This is false. The majority of people that go to gyms make very little progress or no progress whatsoever. I've been at my current gym over three years and I'm a people watcher. It's very common to see people lifting the exact same weights week after week, month after month, year after year and their bodies never change in the slightest, muscle gain or fat loss. Or if they do it's so minimal it can't be noticed by anyone.

Diet is the key. Without being in a consistent calorie surplus over time you WILL NOT gain muscle or weight. You could follow one of the best routines available and take bodybuilding pro levels of steroids and you still wouldn't gain weight. Muscle cannot be materialized out of thin air. There has to be adequate calories to create it. I can't stress that part enough.
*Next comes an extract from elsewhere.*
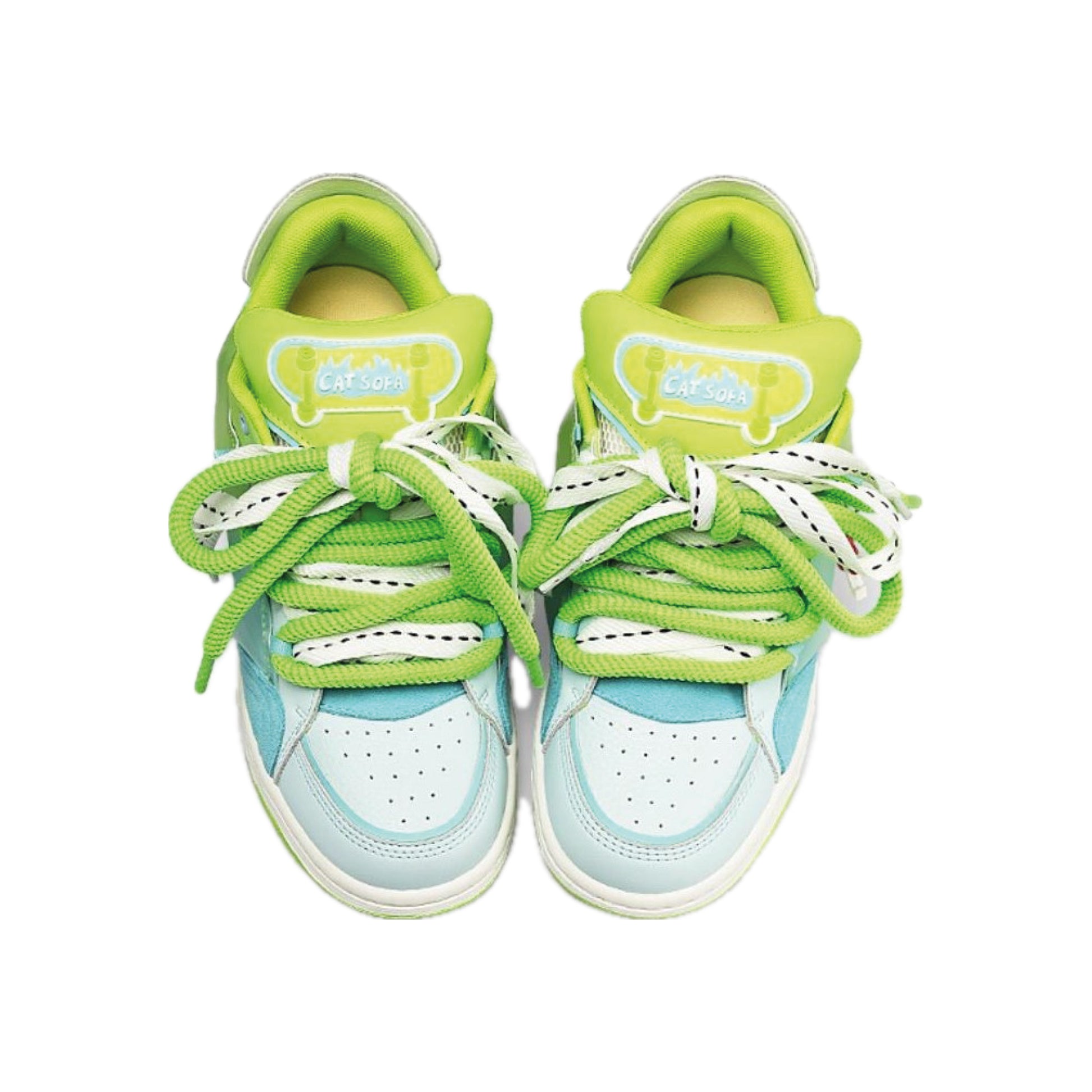 Introducing the Cat and Sofa x EASC ‘MintJelly’, a futuristic low-top sneaker that blends streetwear attitude with playful energy. Drenched in an eye-popping mint green and ice blue palette, this pair features a mix of glossy TPU and textured leather for maximum visual impact.
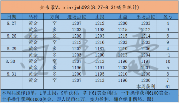 老规矩,首先跟大家通报下我们本周战绩!共操作10单,9单获利,1单亏损,正确率90%,获利61点,以一万美金一次用十分之一仓位操作一手,则收益6100美金,10万美金一次用十分之一操作10手则收益61000美金,一周收益率61%。

Once diet is on point training will determine the quality of your gains. If you have top tier genetics you can get away with not following a routine because almost anything would make you grow. If you're like the rest of us and have closer to average genetics following a program makes a huge difference. It's crazy not to really unless you're okay with very little progress.



wmu'14 said:


> Also, how did people gain (or lose) weight before they could track calories?


Trial and error. It's certainly not impossible, but why waste the time figuring it out like that when you don't have to? Same with following a routine. In time you could possibly figure out what works for you or you might not ever figure it out. Either way why waste time spinning your wheels when you don't have to?



wmu'14 said:


> Is it in the exercise or health department? Not sure. I do really want one but am having a hard time finding one.


No idea, I use the one at my gym. I'm sure someone at the store could help you or just order one from Amazon.
_Posted via Mobile Device_


----------



## wmu'14 (Sep 17, 2010)

JH1983 said:


> ..........


If you could find where I posted 'I haven't increased my calories' and post it here, please do so now. Maybe I'm not at a surplus yet BUT: you guys posted yourself: even if you're tracking calories it STILL takes TIME to find out what your surplus is and trial and error, and to find out what surplus will give you that weight gain.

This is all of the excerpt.